• **Prompt**:
Reproduce exactly, from the data that follows, the line with "(bottom) | |", the line with "和久田 柳青臣さんを姓名の画数から五運を鑑定", and every line that lies between them.

• **Recorded data**:
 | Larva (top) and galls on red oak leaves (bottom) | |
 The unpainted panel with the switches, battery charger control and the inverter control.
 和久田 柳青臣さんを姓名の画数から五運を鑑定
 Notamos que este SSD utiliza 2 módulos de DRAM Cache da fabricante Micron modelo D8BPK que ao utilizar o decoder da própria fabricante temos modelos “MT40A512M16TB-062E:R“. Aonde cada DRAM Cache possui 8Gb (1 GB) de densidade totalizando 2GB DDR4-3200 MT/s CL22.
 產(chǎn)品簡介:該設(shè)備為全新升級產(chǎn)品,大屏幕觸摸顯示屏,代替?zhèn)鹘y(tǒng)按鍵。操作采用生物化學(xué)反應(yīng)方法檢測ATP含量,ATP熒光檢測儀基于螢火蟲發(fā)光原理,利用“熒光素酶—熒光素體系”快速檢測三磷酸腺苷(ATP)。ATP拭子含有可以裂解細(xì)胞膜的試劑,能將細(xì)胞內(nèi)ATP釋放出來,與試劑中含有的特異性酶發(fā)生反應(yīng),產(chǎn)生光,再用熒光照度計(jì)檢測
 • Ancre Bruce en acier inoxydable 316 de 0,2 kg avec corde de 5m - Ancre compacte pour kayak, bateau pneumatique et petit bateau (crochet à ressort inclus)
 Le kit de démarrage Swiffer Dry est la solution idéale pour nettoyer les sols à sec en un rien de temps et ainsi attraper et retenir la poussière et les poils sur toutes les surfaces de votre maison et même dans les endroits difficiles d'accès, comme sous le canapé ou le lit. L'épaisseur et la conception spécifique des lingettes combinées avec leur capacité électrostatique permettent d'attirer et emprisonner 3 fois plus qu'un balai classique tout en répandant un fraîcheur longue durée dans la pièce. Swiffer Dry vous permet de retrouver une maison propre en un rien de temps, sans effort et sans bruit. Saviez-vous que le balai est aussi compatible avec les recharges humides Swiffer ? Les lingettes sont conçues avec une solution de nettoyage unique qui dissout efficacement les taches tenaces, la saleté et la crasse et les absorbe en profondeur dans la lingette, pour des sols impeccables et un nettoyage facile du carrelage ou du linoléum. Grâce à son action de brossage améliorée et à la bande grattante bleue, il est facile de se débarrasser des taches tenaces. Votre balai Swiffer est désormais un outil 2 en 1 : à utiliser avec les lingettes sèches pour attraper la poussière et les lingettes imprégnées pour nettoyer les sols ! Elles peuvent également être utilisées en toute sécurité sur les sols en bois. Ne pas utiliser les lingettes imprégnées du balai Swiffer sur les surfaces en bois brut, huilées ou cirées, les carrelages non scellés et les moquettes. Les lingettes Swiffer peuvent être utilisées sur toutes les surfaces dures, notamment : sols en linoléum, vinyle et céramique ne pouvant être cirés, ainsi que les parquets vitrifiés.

--

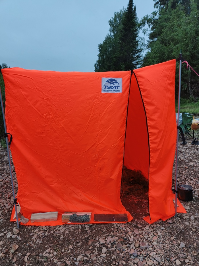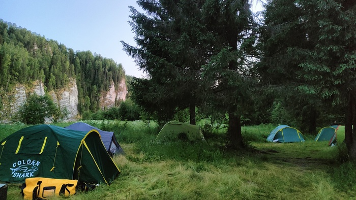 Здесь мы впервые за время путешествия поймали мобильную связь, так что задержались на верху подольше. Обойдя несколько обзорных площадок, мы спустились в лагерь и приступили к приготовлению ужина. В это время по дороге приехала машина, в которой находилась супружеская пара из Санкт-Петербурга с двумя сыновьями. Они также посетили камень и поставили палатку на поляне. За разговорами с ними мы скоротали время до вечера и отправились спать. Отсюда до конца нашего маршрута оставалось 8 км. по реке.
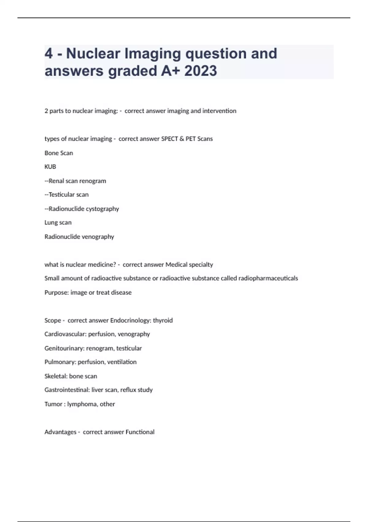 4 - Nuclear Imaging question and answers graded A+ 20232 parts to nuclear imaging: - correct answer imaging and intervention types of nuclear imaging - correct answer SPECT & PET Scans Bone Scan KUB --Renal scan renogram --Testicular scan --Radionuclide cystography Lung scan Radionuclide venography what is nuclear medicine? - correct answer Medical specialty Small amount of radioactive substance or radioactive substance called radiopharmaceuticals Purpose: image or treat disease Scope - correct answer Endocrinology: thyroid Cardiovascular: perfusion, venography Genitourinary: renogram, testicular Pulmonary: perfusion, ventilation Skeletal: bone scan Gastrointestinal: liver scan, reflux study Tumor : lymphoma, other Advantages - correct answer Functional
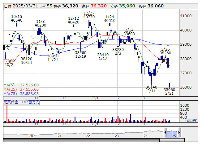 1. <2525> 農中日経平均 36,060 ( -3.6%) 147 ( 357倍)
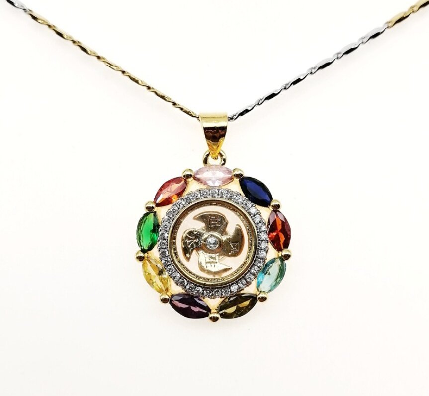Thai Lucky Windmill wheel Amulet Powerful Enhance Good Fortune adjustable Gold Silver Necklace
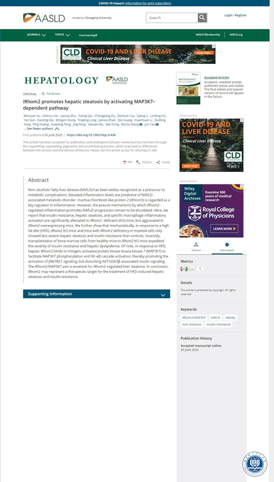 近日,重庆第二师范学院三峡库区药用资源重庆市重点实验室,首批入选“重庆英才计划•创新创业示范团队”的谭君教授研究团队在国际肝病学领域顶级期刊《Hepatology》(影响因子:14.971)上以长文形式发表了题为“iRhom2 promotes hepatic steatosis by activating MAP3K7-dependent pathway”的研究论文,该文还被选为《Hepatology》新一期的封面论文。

• **Task output**:
 | Larva (top) and galls on red oak leaves (bottom) | |
 The unpainted panel with the switches, battery charger control and the inverter control.
 和久田 柳青臣さんを姓名の画数から五運を鑑定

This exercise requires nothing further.